Subtle changes are now emerging, possibly key to breaking these barriers. In a county milk tea shop in Ganzhou, Jiangxi, “coffee milk green tea” became a summer hit, combining local green tea with coffee and lowering sweetness to suit local tastes, selling over 2,000 cups per month. In a Guizhou township convenience store, ready-to-drink coffee shelves moved from corners to near the cashier, increasing stock visibility from 15% in 2024 to 28% in 2025, and “5-yuan Americano” became accepted by students.
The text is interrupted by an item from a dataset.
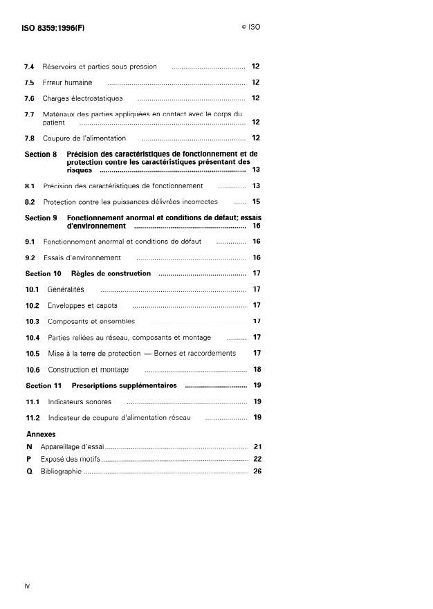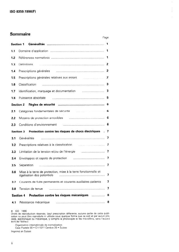 L'ISO 8359 fait partie d'une série de Normes internationales basées sur la CEI 601-1. Dans la CEI 601-1 (la «Norme générale»), il est fait référence à ce type de Norme internationale en tant que «Norme particulière». Comme indiqué au paragraphe 1.3 de la CEI 601-1:1988, les prescriptions de la présente Norme internationale ont priorité sur les prescriptions de la CEI 601-1. Le domaine d'application indiqué à l'article 1 de la CEI 601-1:1988 est applicable, à l'exception du paragraphe 1.1 qui est remplacé par ce qui suit: La présente Norme internationale prescrit les exigences de sécurité pour les concentrateurs d'oxygène, comme indiqué en 1.3.8 (dans la présente Norme internationale). La présente Norme internationale ne s'applique pas aux concentrateurs d'oxygène prévus pour fournir du gaz à plusieurs patients par l'intermédiaire de conduites de gaz médicaux, ni à ceux prévus pour être utilisés en présence d'anesthésiques et/ou d'agents de nettoyage inflammables. Le domaine d'application de la présente Norme internationale ne se limite pas aux concentrateurs d'oxygène à membrane et aux appareils à absorption par oscillation (voir Introduction), car il peut exister d'autres méthodes pour concentrer l'oxygène et la présente Norme internationale n'a pas pour but de faire obstacle à des progrès futurs.

In rural e-commerce livestreams, hosts teach viewers how to “pair coffee with corn porridge” or “make coffee-flavored steamed buns,” integrating coffee into local food scenes, significantly boosting acceptance.
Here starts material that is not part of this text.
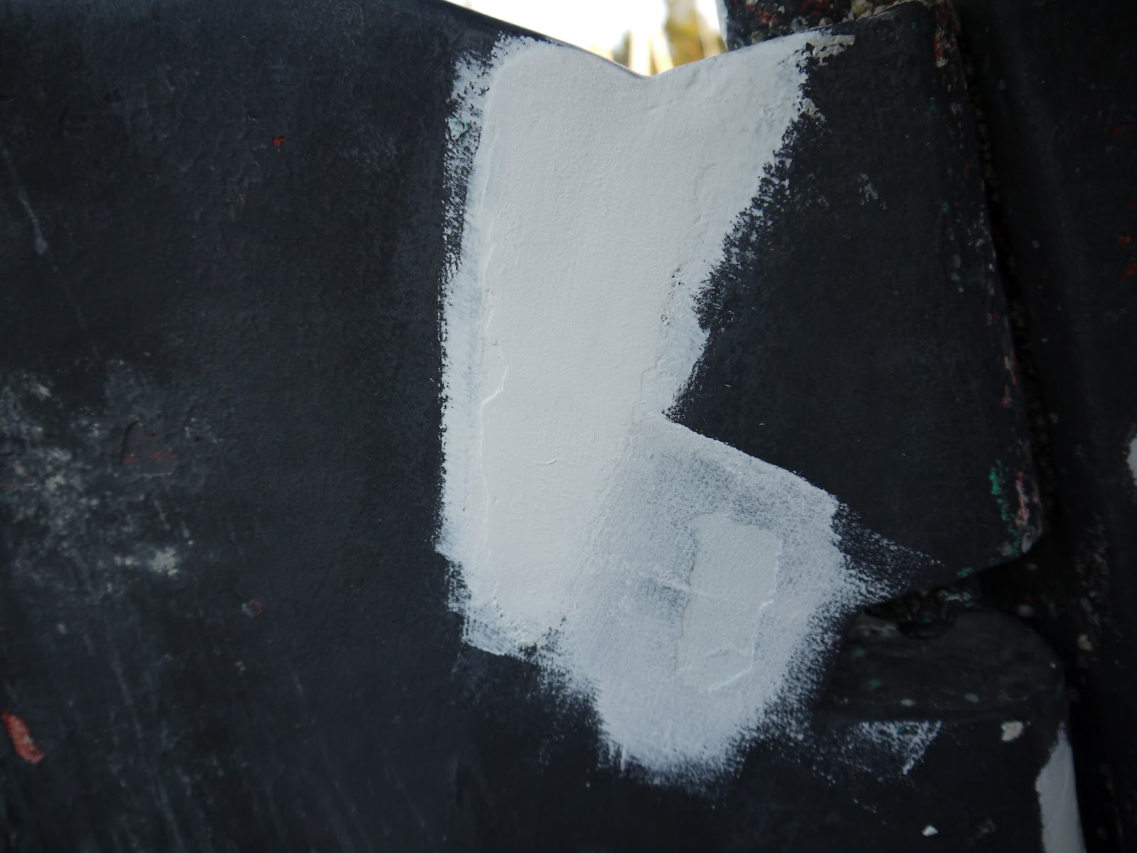 Hienosti kiiltää Charlottan peräsin! Meillä ei lopputulos näyttänyt valitettavasti ihan yhtä hyvältä. Tuo peräsin on ensi talven pohjarempan yhteydessä tarkoitus putsata vanhoista maaleista ja primereista, joten en viitsinyt täksi kaudeksi tehdää enempää kuin välttämättömät korjaukset.

Generational shifts are also notable: Euromonitor’s 2025 survey shows 35% of 18–25-year-olds in county markets have tried coffee, compared with only 5% of those over 45, and 21% say they are “willing to try once a week.” As these young consumers become the main market force, coffee’s “downward penetration” may accelerate.
Perhaps one day, Lao Wang at the Yichang market will confidently ask customers, “Iced Americano or hot latte, with milk?” Or elderly rural residents in Yunnan will try “coffee-flavored Pu’er tea.” Only then can we truly say: coffee in China is no longer “exclusive to city dwellers” but a part of diverse daily life. Until then, the 1 billion non-drinkers represent the “hidden half of the iceberg,” the most promising growth space in China’s consumer market—it’s not just a coffee industry opportunity, but a vivid reflection of urban-rural integration and cultural diversity in China.